Fin décembre, Laurent Bouyer, président de Siemens Mobility France, avait indiqué que la deuxième ligne serait livrée “au plus tard fin avril, au plus tard fin mai 2022”. A un mois de l’échéance donc, le calendrier semble serré. Depuis plusieurs semaines, des marches à sec ont lieu sur la ligne avec des trains roulant à vide pour tester le matériel roulant. “Cette évolution se déroule réellement et positivement”, a souligné l’élu socialiste au début de la réunion du conseil métropolitain. “Mais Siemens a pris du retard sur les jalons qu’il s’est fixés, donc je ne peux pas vous garantir ce soir qu’il respectera les délais”, a-t-il ajouté.

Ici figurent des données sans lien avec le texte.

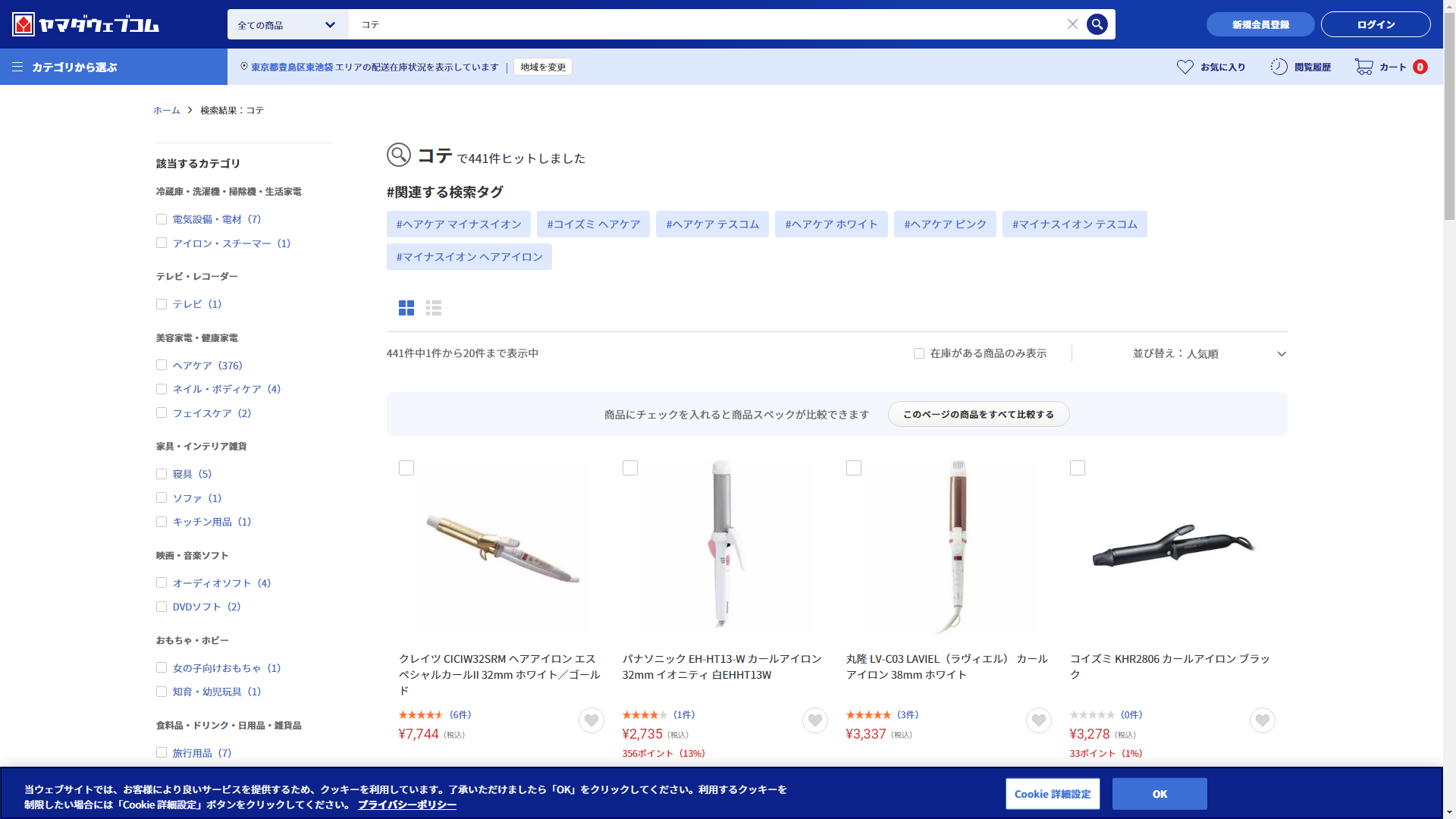 お調べしたところ現在、ヤマダデンキではコテに関連する商品を買うことが可能です。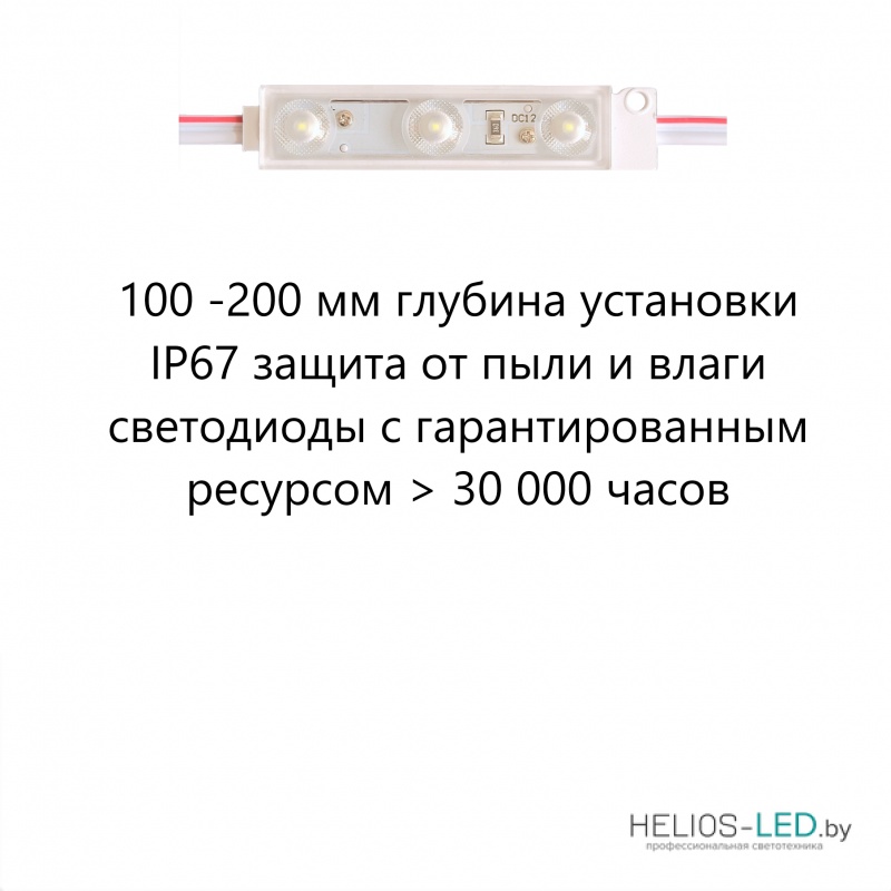 Светодиодный модуль LM-310 предназначен для коробов и букв глубиной от 100 мм и коробов от 120 мм. Корпус из ABS пластика сварен с линзой ультразвуком и обладает влаго- и пыленепроницаемостью в соответствии с IP 67.

La livraison a déjà été retardée plusieurs fois

Déjà en retard en raison de l’épidémie de Covid-19, le chantier de construction de la ligne B du métro, qui aurait dû être livré fin 2020 puis à l’été 2021, a également rencontré quelques problèmes techniques. Au printemps, Siemens avait donc reconnu avoir “sous-estimé les retards au vu de la complexité du système”, expliquant que les nouvelles rames CityVal entretenues par la métropole étaient “une première mondiale”. Des problèmes d’alimentation avec certains composants électroniques sont également survenus ces derniers mois, ainsi que des difficultés techniques avec l’équipement. Dans les prochains jours, de nouvelles rencontres « décisives » doivent avoir lieu entre les différents acteurs. “Ils viendront clarifier et nous espérons tous sincèrement confirmer l’horaire de départ”, a ajouté Nathalie Appéré, en prenant rendez-vous “dans les prochaines semaines”.